You never owe anyone an explanation for dumping them.
There is nothing written into relationship etiquette that states that you have to do this.
However, sometimes, giving him an explanation for dumping him helps both you and him move on from the relationship.
Oftentimes, if you were in a long-term relationship with him, he would be blindsided by the fact that you have dumped him.
If he was really emotionally involved in the relationship, it would be really hard for him to understand what happened and thereby move on.
As a result, if you weren’t to give him an explanation for dumping him, he may continue to hound and pester you about what happened.
He would want to understand what just happened.
He would be upset because he doesn’t understand.
His emotional happiness is tied in with you and he is finding it very difficult to sever that tie.
In a situation like this, the more you avoid trying to give him an explanation, the more he will bug you about it.
He will text or call you incessantly.
He will want to understand.
You may already be of the frame of mind of moving on from the relationship and yet you can’t because he just won’t stop trying to contact you and find out what happened.
Now you are really adding stress to your life.
You just want him to stop and leave you be but unfortunately, he just can’t.
This is obviously not a position that you want to find yourself in.
In scenarios where you have been with guy for a while, it may be best to give him an explanation of why you are dumping him.

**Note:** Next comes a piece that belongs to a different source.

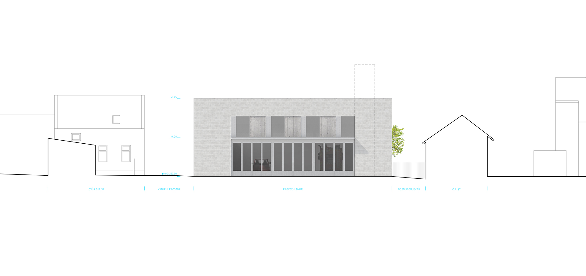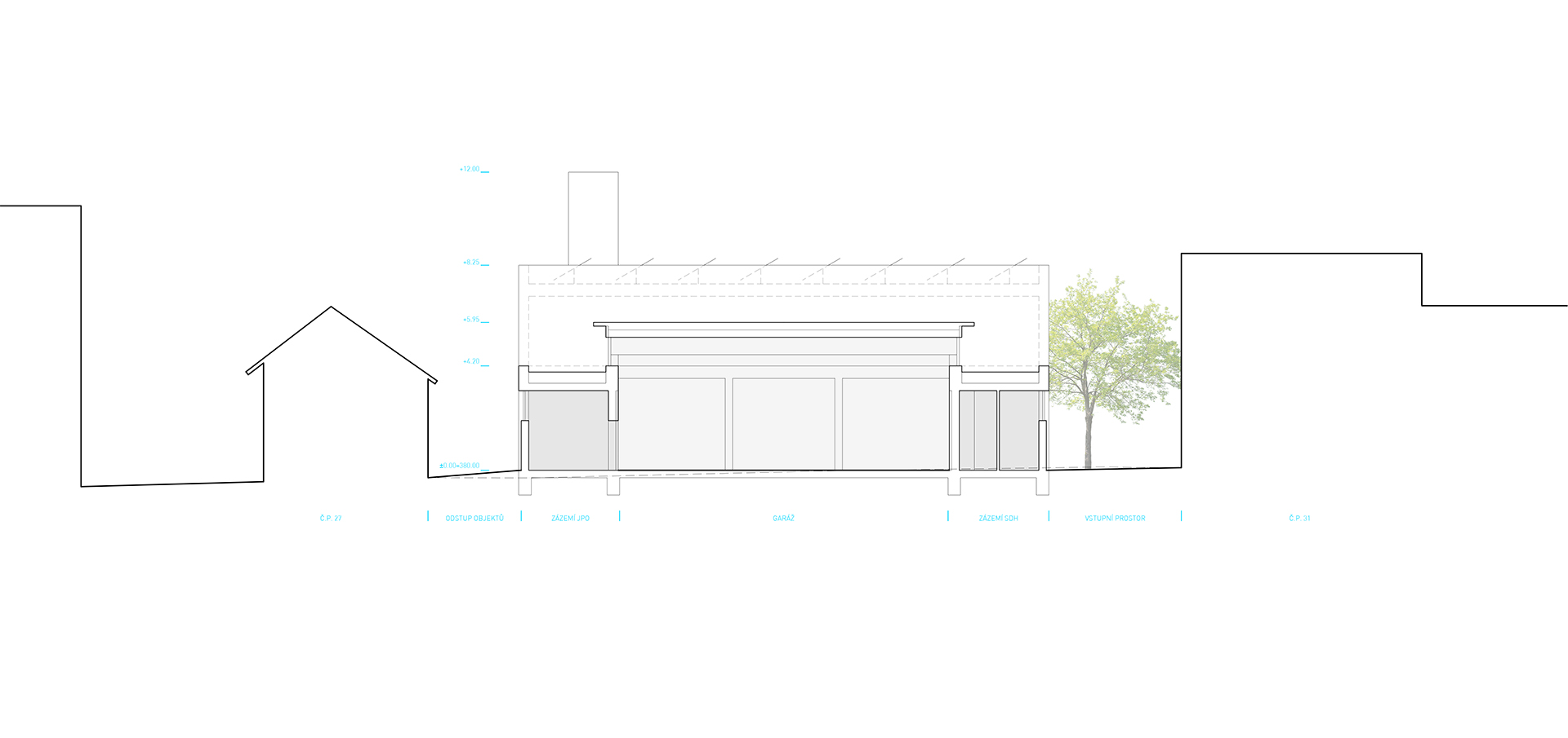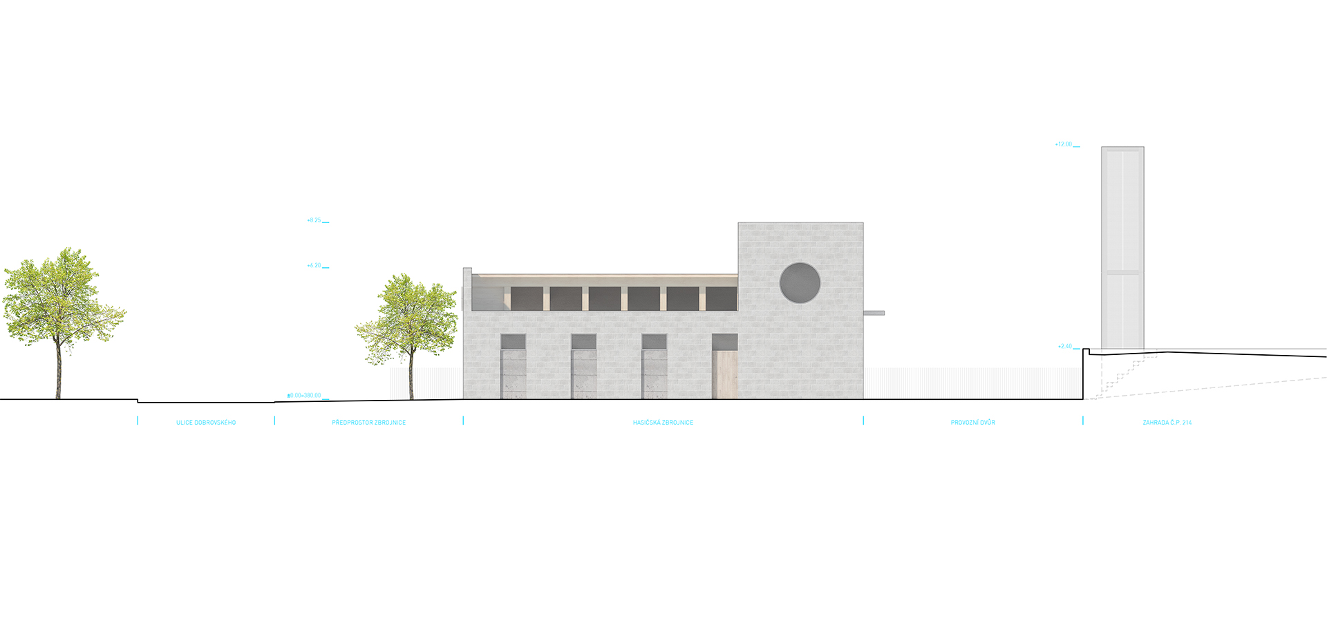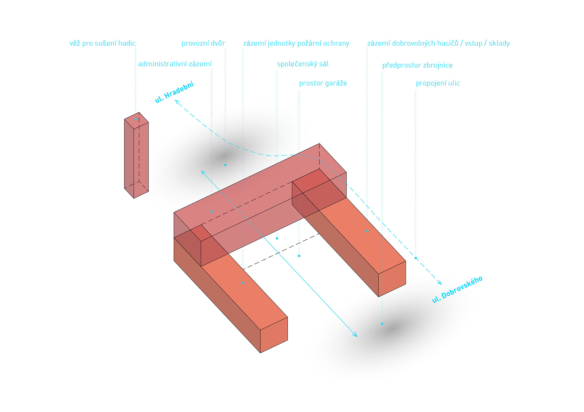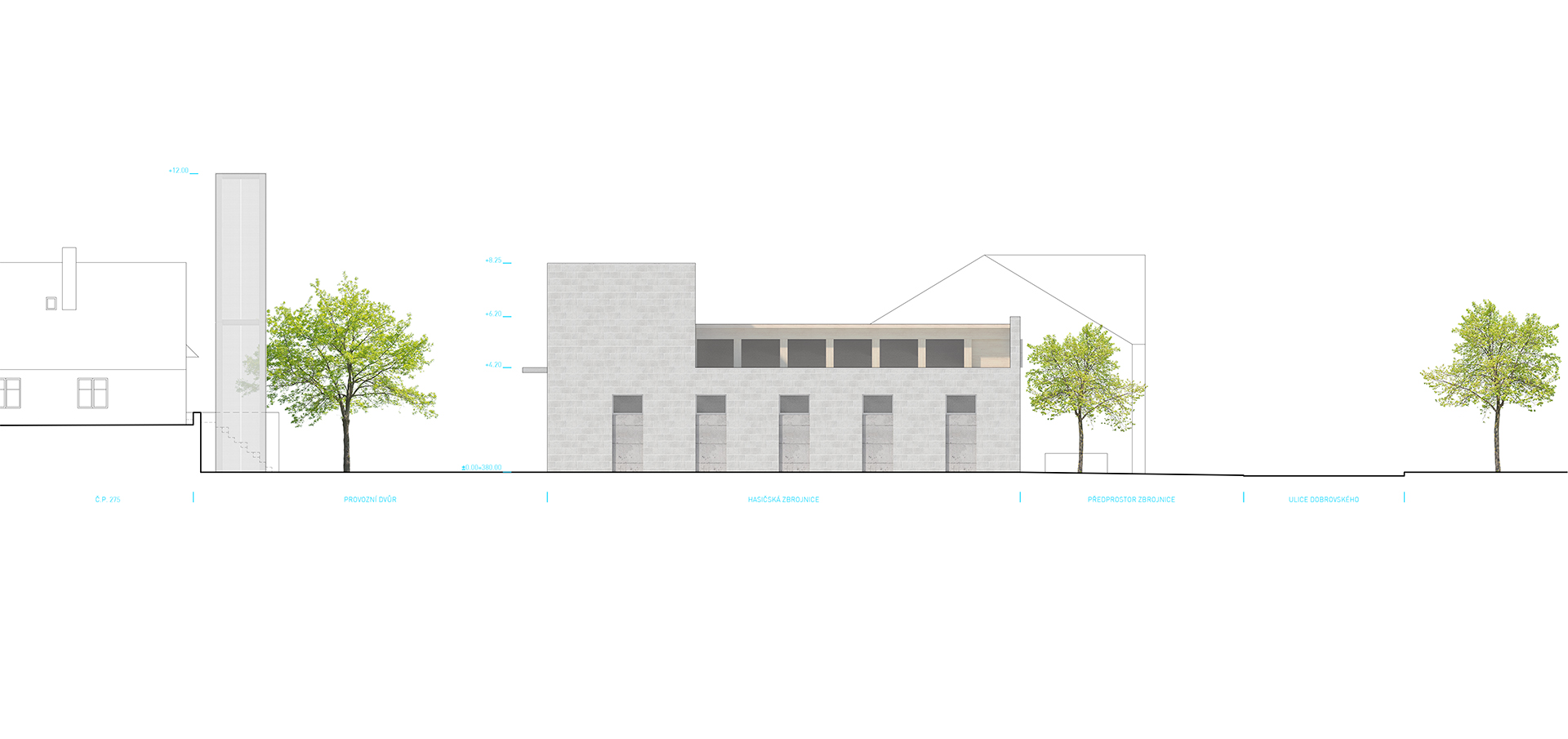 Věž pro sušení hadic chápeme jako provozní zařízení, proto je záměrně situována až do druhého plánu od ulice Dobrovského. Primární účel stavby akcentuje hasičská technika vystavená v garáži za prosklenými vraty.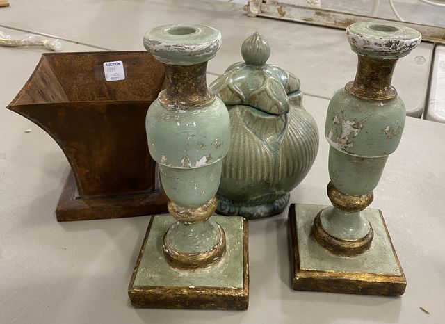 Antiqued Painted Candle Sticks, Ceramic Urn, Rustic Metal Planter. Antiqued Painted Candle Sticks, Ceramic Urn, Rustic Metal Planter.

Again, you don’t really owe him an explanation.
You don’t have shackles around your neck. You can leave a relationship at your own free will.
However, in order to avoid getting into a situation like I have just described, you may have to give him some explanation.
Now, you don’t have to get into details about it.
The danger of trying to explain why you are dumping him is in the possibility that he may keep questioning your reasoning behind what you are telling him.
He may counter some of what you are saying.
He may deny some of what you are saying.
He may start crying in an attempt to get your sympathy.
These are all things that can easily happen when you allow yourself to get sucked into a drawn-out explanation of why you are dumping him.
You don’t need to get into detail and you may be better off if you didn’t.
Just know the points that you are going to touch on before you talk to him.
Tell him not to interrupt you while you explain.
If he keeps doing so, tell him that you will stop trying to explain if he persists.
Once you have gotten out what you have to say in a clear and succinct way, you need to end the conversation.
Avoid getting engaged in a follow up conversation with him because that will only lead to further arguments.
After the conversation, he will have to digest what you just told him.
Typically, he will move on, albeit with bitterness.